:: Provided data ::
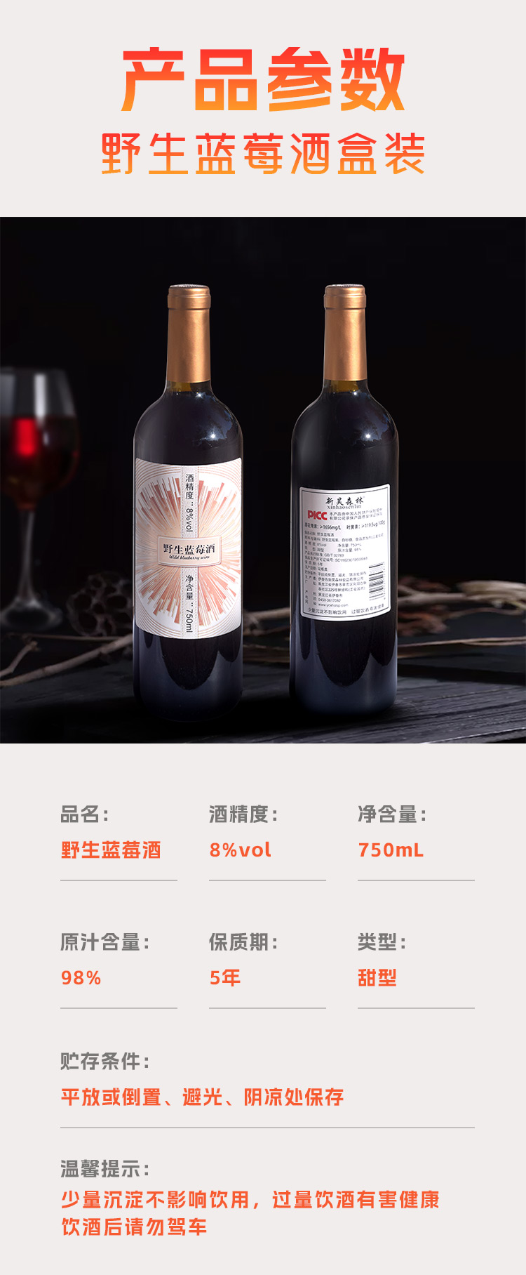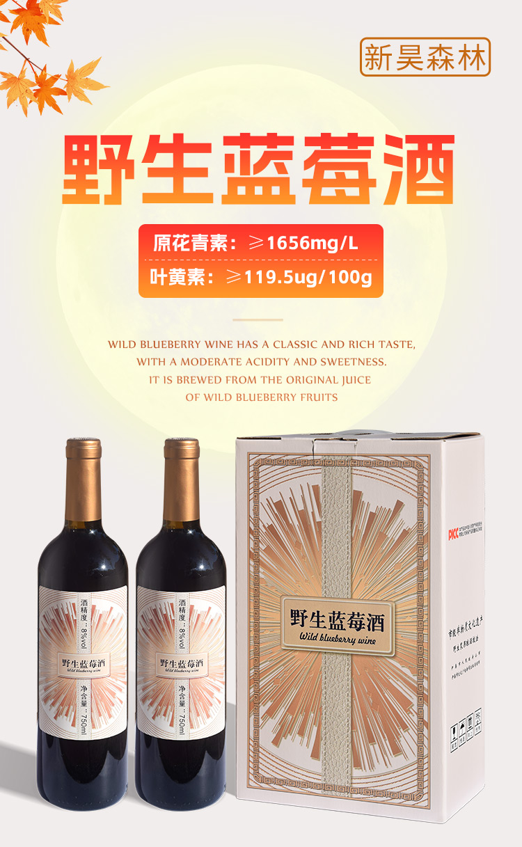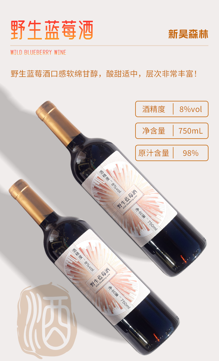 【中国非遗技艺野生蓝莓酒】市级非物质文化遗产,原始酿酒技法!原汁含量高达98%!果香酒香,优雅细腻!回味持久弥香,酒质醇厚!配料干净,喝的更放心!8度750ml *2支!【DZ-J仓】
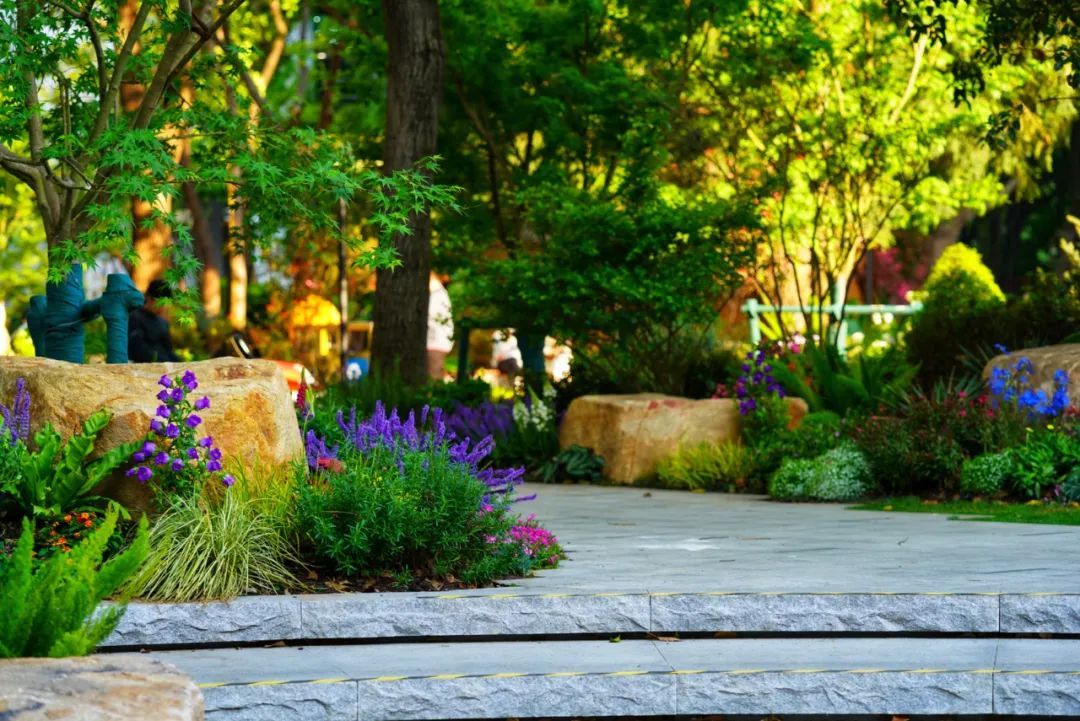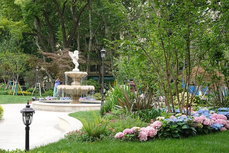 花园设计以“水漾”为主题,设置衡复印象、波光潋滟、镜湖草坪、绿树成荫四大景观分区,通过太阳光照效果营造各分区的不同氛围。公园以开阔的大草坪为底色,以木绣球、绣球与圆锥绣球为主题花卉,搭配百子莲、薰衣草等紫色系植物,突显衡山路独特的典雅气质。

---

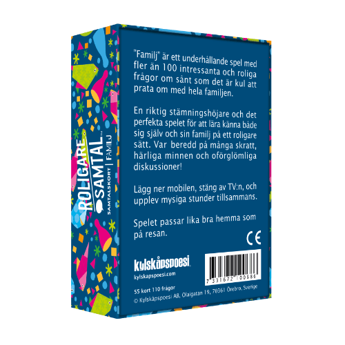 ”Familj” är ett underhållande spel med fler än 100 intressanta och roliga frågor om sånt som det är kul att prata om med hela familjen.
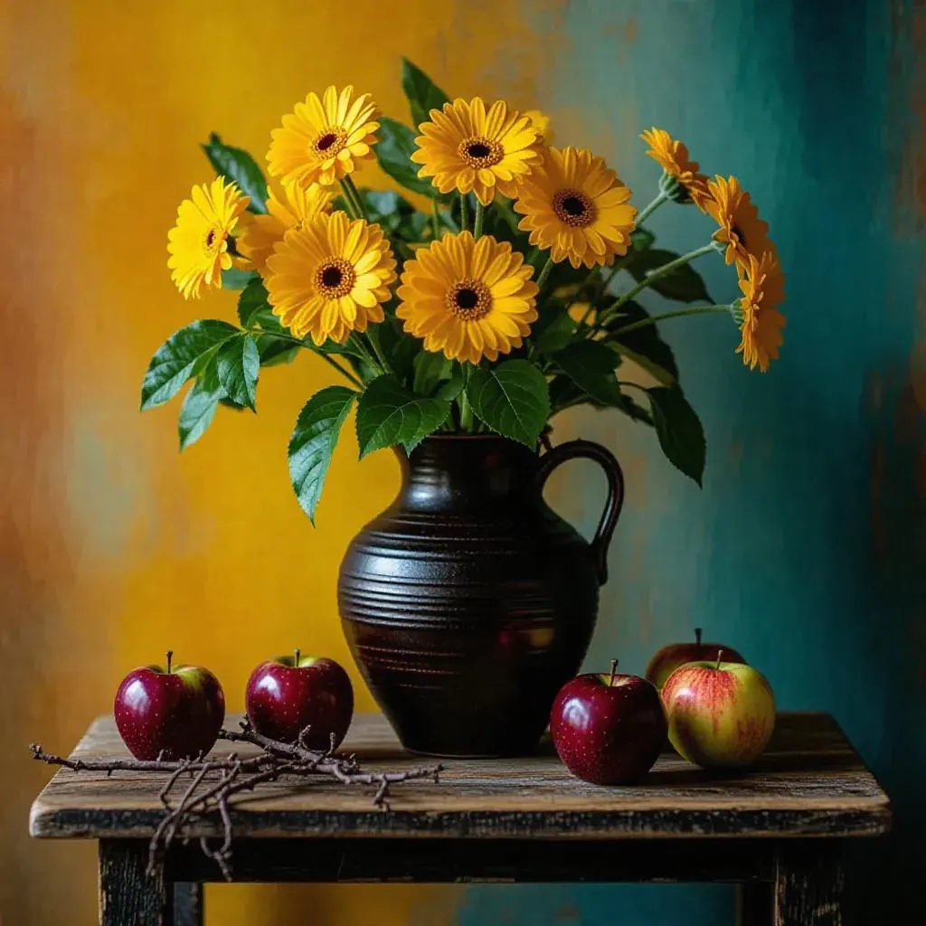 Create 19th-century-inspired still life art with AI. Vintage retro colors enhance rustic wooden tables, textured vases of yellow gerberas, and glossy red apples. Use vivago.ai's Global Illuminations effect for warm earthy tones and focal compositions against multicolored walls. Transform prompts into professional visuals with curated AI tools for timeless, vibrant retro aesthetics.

:: Task requirements ::
Look above for the line with "med hela familjen.", then print it and each line after it down to and including the line with "Create 19th-century-inspired still". Leave out the pictures and keep the wording exact.

:: Result ::
 ”Familj” är ett underhållande spel med fler än 100 intressanta och roliga frågor om sånt som det är kul att prata om med hela familjen.
 Create 19th-century-inspired still life art with AI. Vintage retro colors enhance rustic wooden tables, textured vases of yellow gerberas, and glossy red apples. Use vivago.ai's Global Illuminations effect for warm earthy tones and focal compositions against multicolored walls. Transform prompts into professional visuals with curated AI tools for timeless, vibrant retro aesthetics.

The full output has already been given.